— Молоканин, надо думать, — прошептал кто-то, — или штунда[577]…
— Да это все сказано давно, мил человек, — сказал другой. — Да не выходит.
— Ты вот скажи, как сделать-то, — сказал купец.
— Да, верно. А уйти никуда живому с земли невозможно. Круглая она. Вот и ходи кругом, не уйдешь никуда. А не то — мало ли убежало бы! Велено — вот и живи, а уж как хочешь.
И белобрысый покачал головой.
Замолчали. Я вышел из кают-компании на палубу. Широкая Волга несла свои воды. Проглядывало солнце. По берегу шли поля, леса, селения. Отрадно и радостно было смотреть на берега широкой реки. Около меня стоял купец и смотрел на плоты, которые гнали по Волге. Купец приставил свои руки ко рту и закричал:
— Чьи плоты-те?
С плота кричали:
— Га-аври-ло-ва-а-а… Сво-ло-ча… День-ги-и… вто-ро-о-ой ме-сяц… не пла-а-тит… сте-е-рва…
— Мои плоты-то, — сказал мне купец, обернувшись ко мне, и засмеялся. — Не платит… Ишь чего?.. Заплати-ка таперь! Знаю, плоты разобьют, деньги пропьют… Знаем мы, когда платить надоть. На Покрова плачу, ну и ступай… А вот этот-то, белобрысый, чего он, с дурью впрямь или заучился так? От науки у него в голове метафизика завелась? Его беспременно под арест посадить надо, чтобы маленько поостыл. Тогда у него червяк-то этот из головы повылезет…
Встреча
Много я скитался по свету. И не раз я видел весну в других странах. Но такой весны, как у нас в России, — я нигде не видал.
Москва. Я смотрю в окно моей мастерской, и мне в окно видна разлившаяся Москва-река. Чудно и торжественно. На берегу стоит Кремль — соборы, башни, как будто бы какая-то давняя дивная сказка. За Кремлем гаснет розовая заря. Галки носятся в вечернем небе, то стаями поднимаясь кверху, то быстро опускаясь к самой земле, с каким-то особым радостным криком. В их полетах есть какой-то праздник, птичий бал.

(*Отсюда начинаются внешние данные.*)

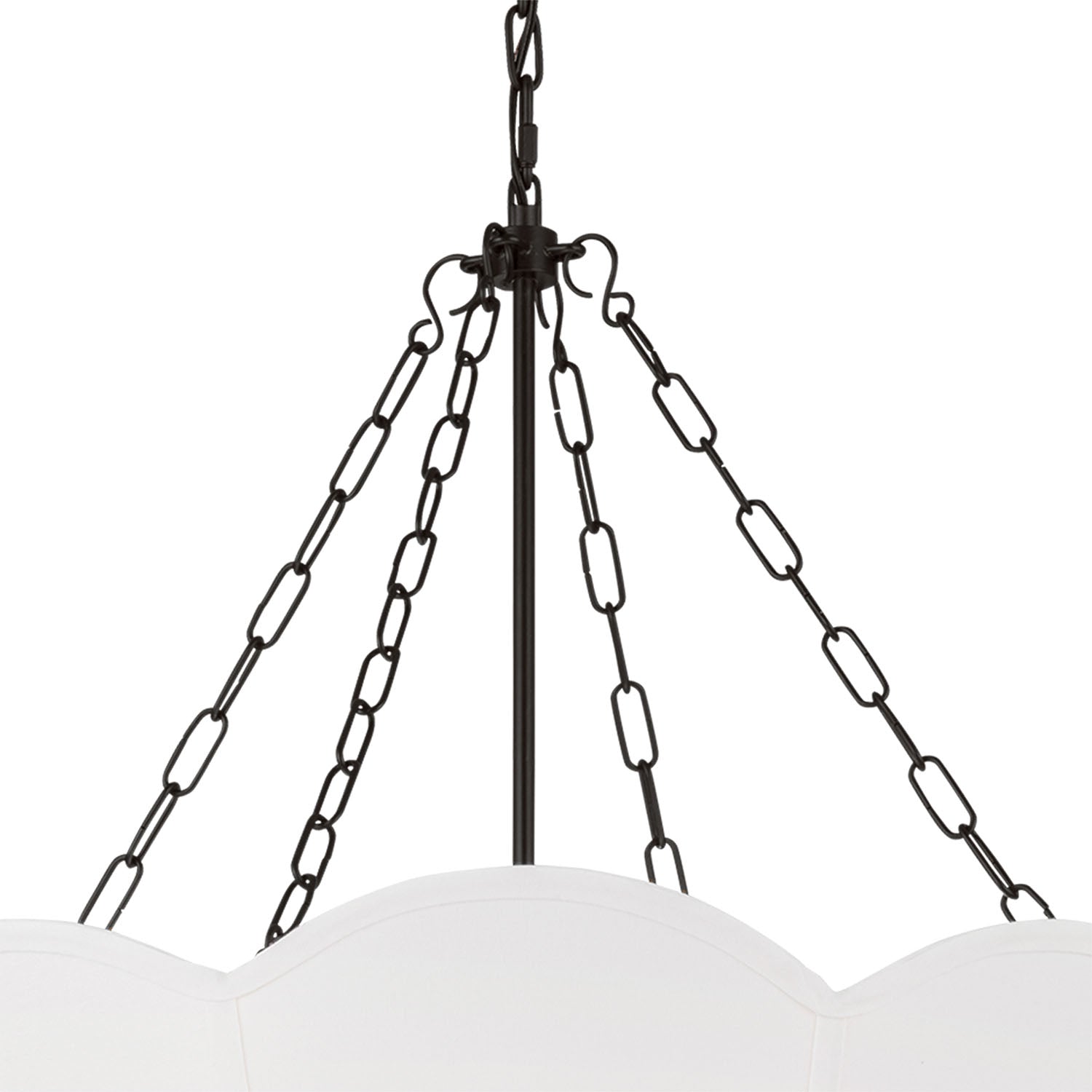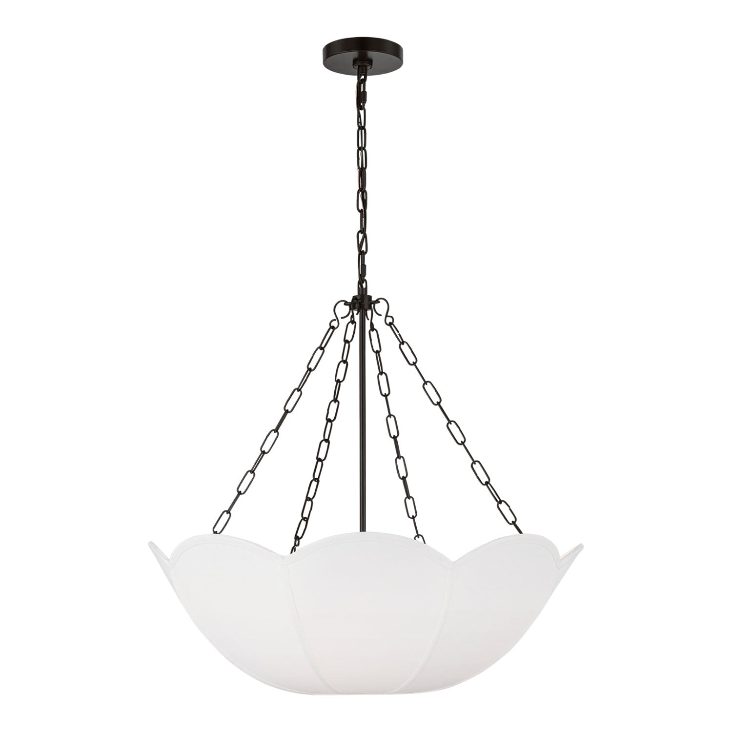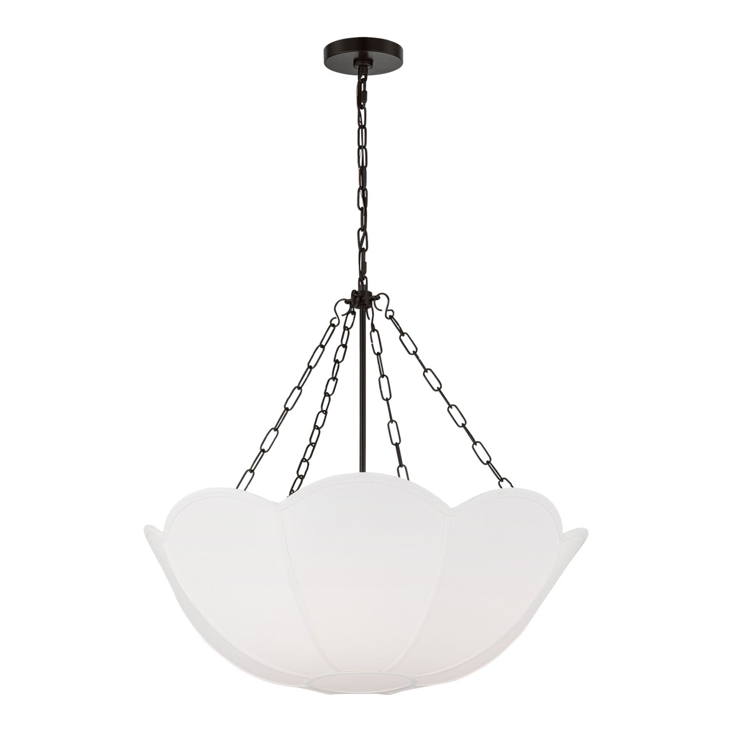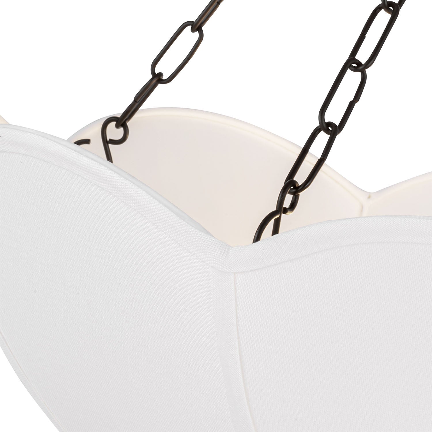 The Ava Pendant is reminiscent of a spring tulip, featuring a graceful silhouette that creates elegant illumination with organic charm and sophisticated presence. This refined 24" pendant showcases the beautiful contrast of metal chain detailing and white linen, creating a harmonious statement that enhances dining rooms, living spaces, entryways, foyers, and areas seeking substantial pendant lighting with distinctive appeal. The aged iron framework creates sophisticated depth against the curved form while the white linen shade provides soft, diffused illumination with natural elegance. With its damp-rated construction and flexible hanging height, this thoughtfully crafted pendant elevates any space with distinctive style and reliable performance.

В реке, в талой грязной дороге, в движении народа, идущего через мост, в зажигающихся к вечеру уличных фонарях, во всем окружающем чувствуется весна.
Странно, я видел много стран. И нигде нет такого отрадно-печального чувства, необычайного замана, глубокой красоты, мечты тревожной, как в весеннем вечере России.
Это чувствовалось именно в Москве и ее окрестностях. В Петербурге другая весна.
Потемнело в моей мастерской. А в окнах еще лежит свет зари вечерней. Как-то отрадно и грустно мне, и я думаю — пойду по берегу к Бабьегородской плотине[578] на Москва-реку. На окраине Москвы деревянные дома, с одинаковым рядом окон. У ворот на лавочках сидят обыватели, женщины в ситцевых платках, какой-то телеграфист, мужики с дровяного склада. Все лущат подсолнух, смотрят вдаль, на Москва-реку. А вдали церковь, какое-то казенное здание, институт или богадельня, а перед набережной ряд тумб. Проезжает извозчик, похлестывая убогую лошаденку, сидит какая-то женщина, везет клетку с канарейкой. И опять пустая улица. Городовой с книжкой ведет какого-то оборванца. И все как-то просто. И во всем, в природе и людях, чувствуется щемящая радость.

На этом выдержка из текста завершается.